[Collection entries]
=== Section Start ===
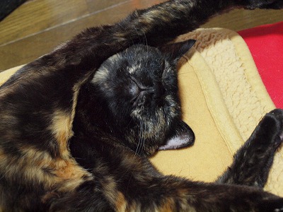 ヒーターの前で寝ているお京ちゃん。。。もう。。かれこれ3時間ほど、この体勢。。。^^;;寝返りもしない。。。ひたすら忘却の彼方に身を置いている。。。 こんなお京ちゃんが安心するのか?よく、カノンはお京ちゃんのそばにいることが多い。でも。。 さすがに。。 「 よく寝るな~ 」と、カノンは思っているに違いない。しかし、動かないな・・・本当は死んでるんじゃないのか?。。。(笑)
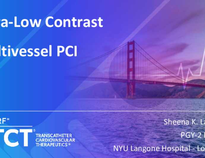 Presentation TCT 2025 TCT 1642: Ultra-Low Contrast PCI in Multivessel Intervention Presenter: Sheena Lamba October 26, 2025 REGISTER for free or LOG IN to view this content TCT 2025 Up Next Presentation TCT 2025 TCT 1643: Low-Contrast Complex PCI in Advanced Renal Disease: Orbital Atherectomy and Imaging to Treat Calcified RCA Lesion Presenter: Ahmed Taha October 26, 2025 More slides + Presentation TCT 2025 TCT 1644: HD-IVUS Guided Ultra-low Contrast Left Main PCI: Landmarking and Triangulation Presenter: Brian Heng Li October 26, 2025 Presentation TCT 2025 TCT 1645: Zero Contrast, Zero Room for Error: Echo Guided Ventricular Septal Rupture Device Closure Through Trans Thoracic Echocardiography in a Patient With Mods Presenter: Parag Barwad October 26, 2025 We Recommend Disclosures <p>Nothing to disclose</p>
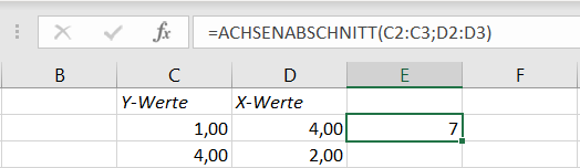 =ACHSENABSCHNITT(C2:C3;D2:D3) => 7
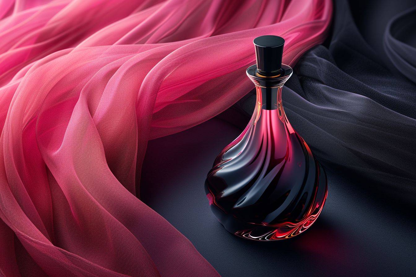 高級製品のボトル、流れるライン、黒とピンク、マクロ製品写真、モックアップ。
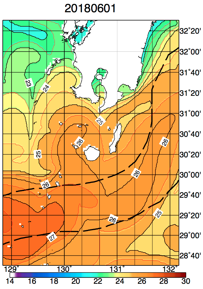 トカラ海域は2月〜3月ぐらいが水温一番低いのですが, 宇治,草垣方面は黒潮が下がる5月ぐらいでガクッと水温が落ちたりします.こういうところが鹿児島の難しさかと思ってます.
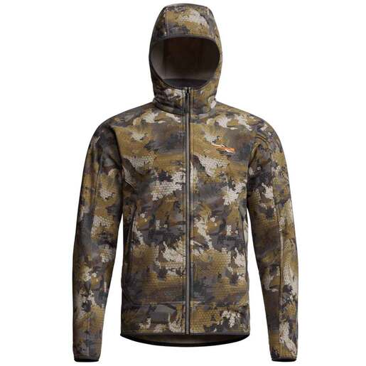 Sitka Alpha Fleece Hooded Jacket - A fleece jacket built to take a beating. A double weave stretch fleece handles rugged environments and gusts with ease while a DWR coating mitigates unexpected moisture during the hunt. The Alpha Fleece Hooded Jacket sports a seamless shoulder construction and intentionally positioned zippered pockets to ensure comfort and accessibility while wearing a pack. The low-bulk fitted hood provides coverage without encroaching on field of view. Fabric: Durable 280g, 4-way stretch double weave STORMFLEECE Durable water repellent finish sheds light moisture Seamless shoulder construction enhances comfort with a pack Two zippered pockets keep items secure and accessible even with a pack belt Mesh backed pockets offer the ability to vent for added breathability Low-bulk, form fitted hood offers protection without restricting visibility Internal zippered chest pocket keeps essentials protected and in reach Style: 600711
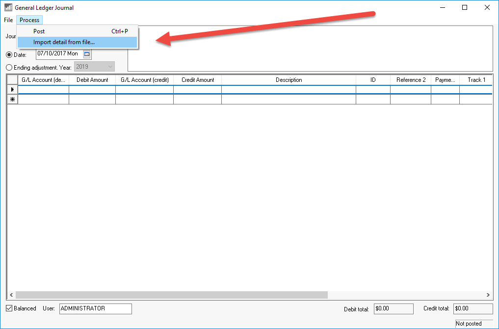 Open the entry screen that you wish to import such as the journal screen shown above.
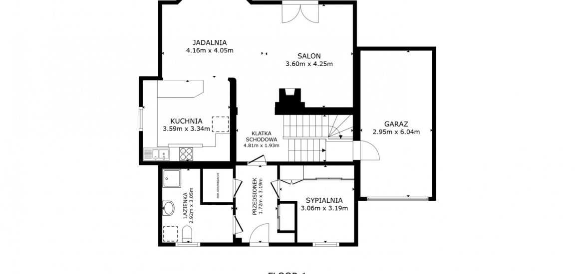 PARTER: salon z częścią jadalnianą, kuchnia, pokój (gabinet), łazienką, pralnia, wc, korytarz. Garaż.
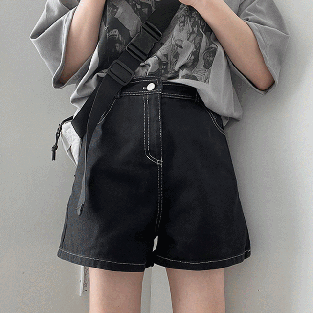 【現貨奶M/黑M】明線牛仔短褲🪡後橡筋腰 (S-L)
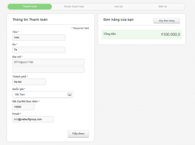 B4 : Bạn sẽ chuyển tới một trang nhập thông tin cá nhân, hóa đơn thanh toán.
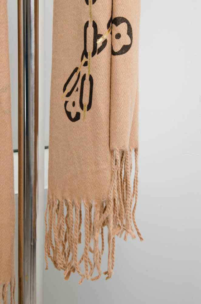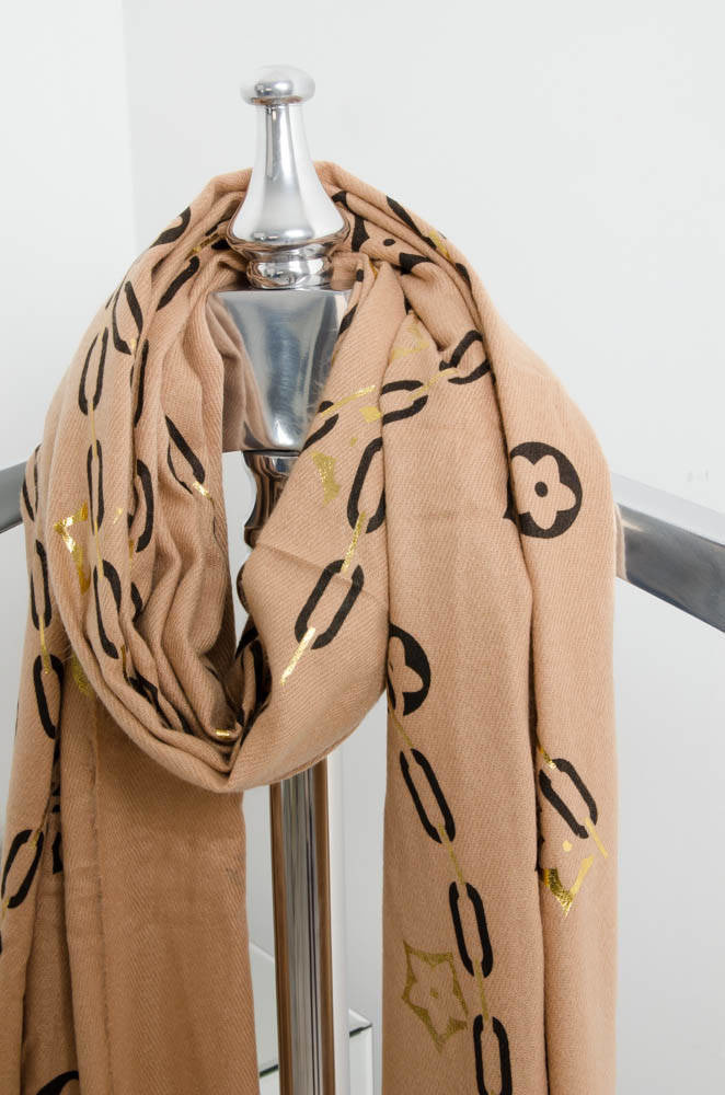 BEŻOWY SZAL ZE ZŁOTYM ZDOBIENIEM
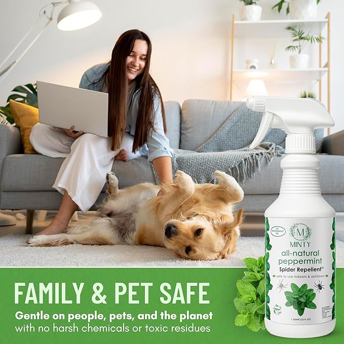 - Minty Spider Repellent with Natural & Powerful 5% Peppermint Oil, 128 fl oz
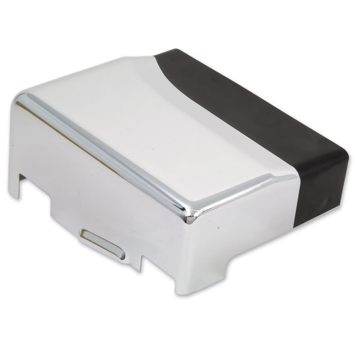 • This chrome, stamped steel one-piece design covers the top and side for a clean custom look
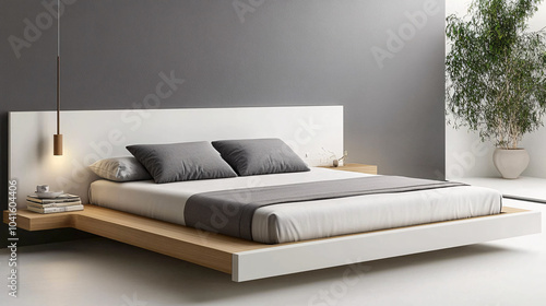 bedchamber, simple, design, white, bed, grey, pillow, floating, wooden, shelf, nightstand, decor, modern, cosy, clean, aesthetic, home, inviting, minimalist, stylish, arrangement, atmosphere, fresh, calmness, comfort, elegant, warmth, functional, space
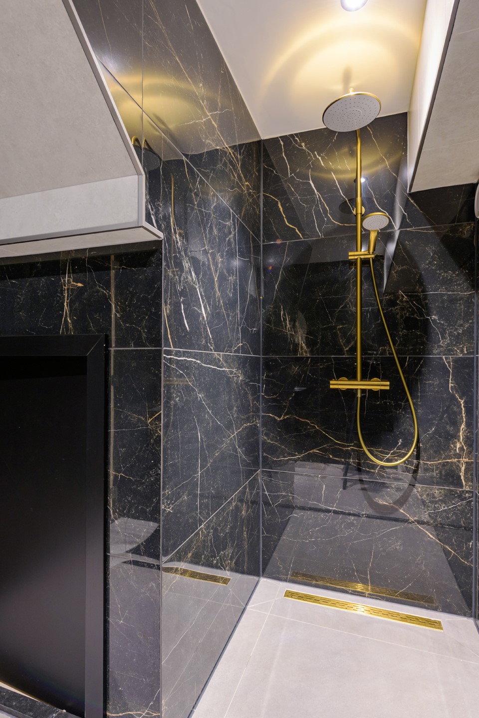Er zijn twee boven verdiepingen aanwezig. De eerste bovenverdieping is te bereiken middels een trap bij de voordeur. Ruime overloop met vaste kast met opstelling C.V. ketel (Remeha, 2022), vier slaapkamers en een badkamer. De hoofdslaapkamer beschikt over een badkamer en suite met een whirlpool ligbad, inloopdouche (sunshower), wastafelmeubel en zwevend toilet.
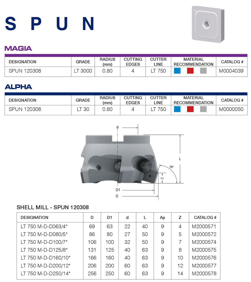 – Sử dụng mảnh dao: SPUN 120308 LT 30; SPUN 120308 LT 3000.
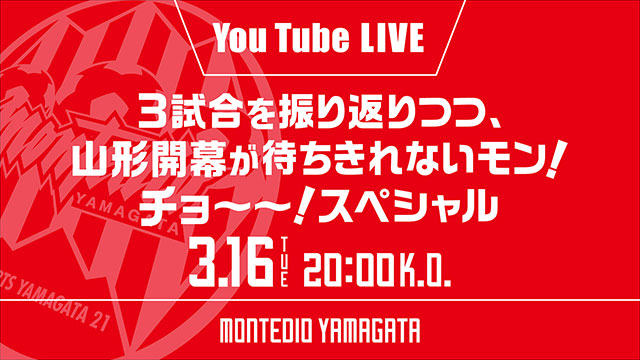 いよいよ3月21日(日)に山形開幕となる栃木SC戦に向け、【YouTubeライブ】3試合を振り返りつつ、山形開幕が待ちきれないモン!チョ〜〜!スペシャルをお届けします。
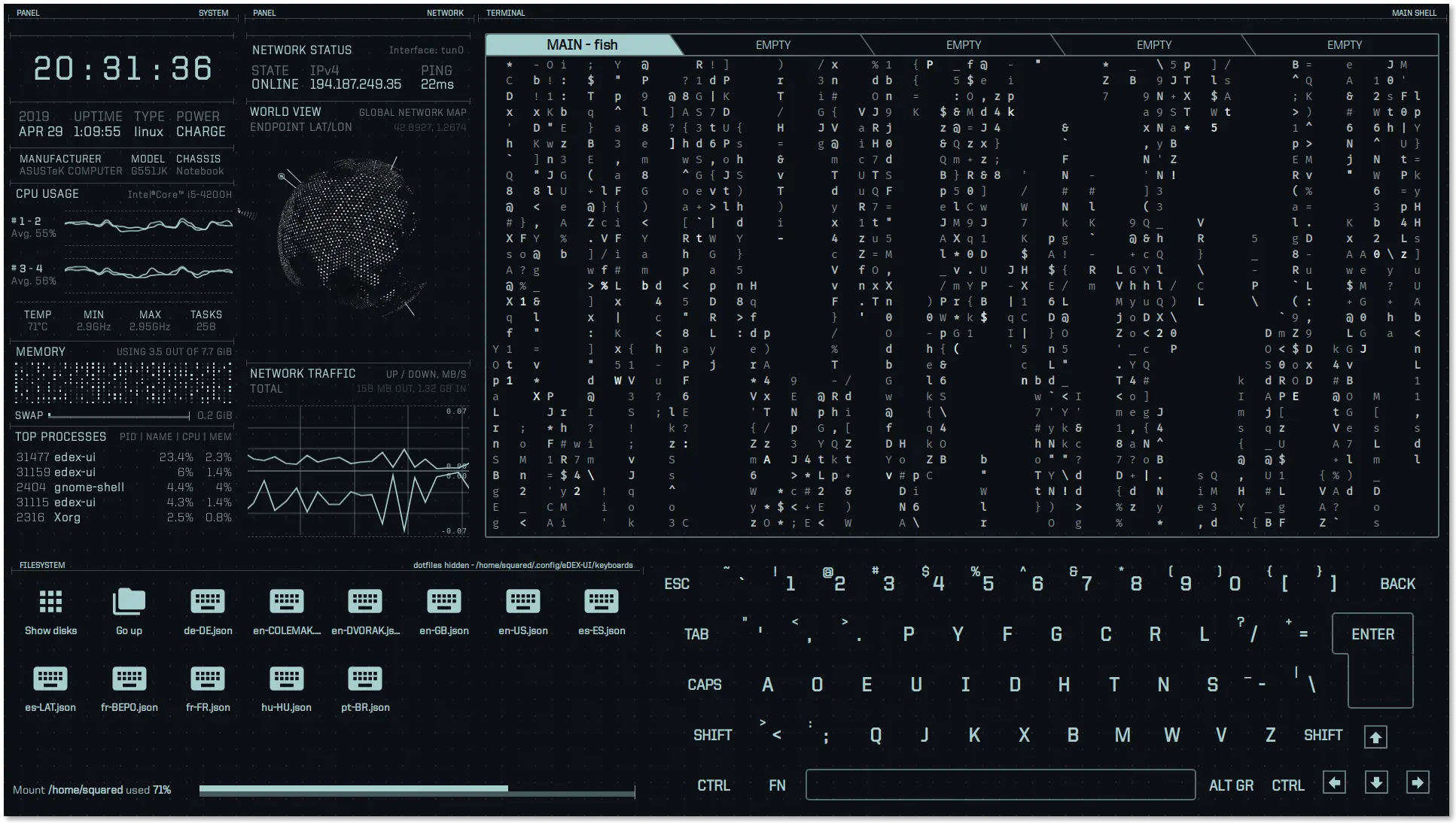 eDEX-UI是一个全屏、跨平台的终端模拟器和系统监视器,它的外观和感觉就像一个科幻电脑界面。
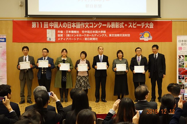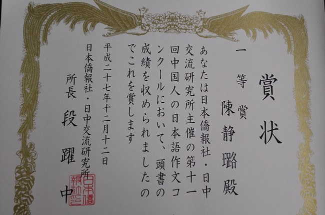 11月底,“第十一屆中國人日語作文大賽”獲獎揭曉(xiǎo),我校周有光語言文化學院日語係陳靜璐同學榮獲本屆大賽一等(děng)獎,王(wáng)佳歡同學榮獲佳作獎,陳林俊(jun4)老師與古田島和美老師榮獲優秀指導教師獎,並(bìng)被(bèi)聘任為大賽推廣大使。
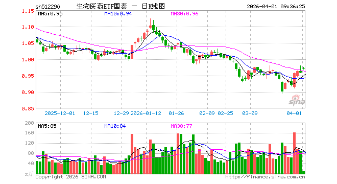 生物医药ETF国泰(512290)开盘涨1.46%,重仓股药明康德涨2.00%,恒瑞医药涨1.47%
=== Section End ===
■ EXERCISE PROMPT ■
Going by the data above, the answer is exactly the lines from the one holding "B4 : Bạn sẽ" to the one holding "clean custom look", both kept, with the pictures left out.

■ OUTPUT FOR THIS TASK ■
 B4 : Bạn sẽ chuyển tới một trang nhập thông tin cá nhân, hóa đơn thanh toán.
 BEŻOWY SZAL ZE ZŁOTYM ZDOBIENIEM
 - Minty Spider Repellent with Natural & Powerful 5% Peppermint Oil, 128 fl oz
 • This chrome, stamped steel one-piece design covers the top and side for a clean custom look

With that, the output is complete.